“On Damanhour, you mean,” said Darcy.
“Not a bit of it; on Cairo, General. There's no need of mincing the matter; we need fear no eavesdropper here. Ah, by the by, your German friends were retaken, and by a detachment of their own regiment too. We saw the fellows shot the morning after the action.”
“Now that you are kind enough to tell me what is going forward, perhaps you could let me know something of my poor comrades whom you took prisoners on the night of the 9th.”
“Yes. They are with few exceptions dead of their wounds, two men exchanged about a week since; and then, what strange fellows your countrymen are! They sent us back a major of brigade in exchange for a wounded soldier who, when he left our camp, did not seem to have life enough to bring him across the lines!”
“Did you see him?” asked Darcy, eagerly.
“Yes; I commanded the escort. He was a young fellow of scarcely more than four-and-twenty, and must have been good-looking too.”
“Of course you could not tell his name,” said the Knight, despondingly.

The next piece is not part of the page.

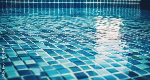 Obraz premium Schöne blaues Mosaikfliesen in einem Schwimmbecken mit Sonnenlichtreflexion, Generative AI

“No; I heard it, however, but it has escaped me. There was a curious story brought back about him by our brigade-major, and one which, I assure you, furnished many a hearty laugh at your land of noble privileges and aristocratic forms'.”
“Pray let me hear it.”
“Oh, I cannot tell you one-half of it; the finale interested the major most, because it concerned himself, and this he repeated to us at least a dozen times. It would seem, then, that this youth—a rare thing, I believe, in your service—was a man of birth, but, according to your happy institutions, was a man of nothing more, for he was a younger son. Is not that your law?”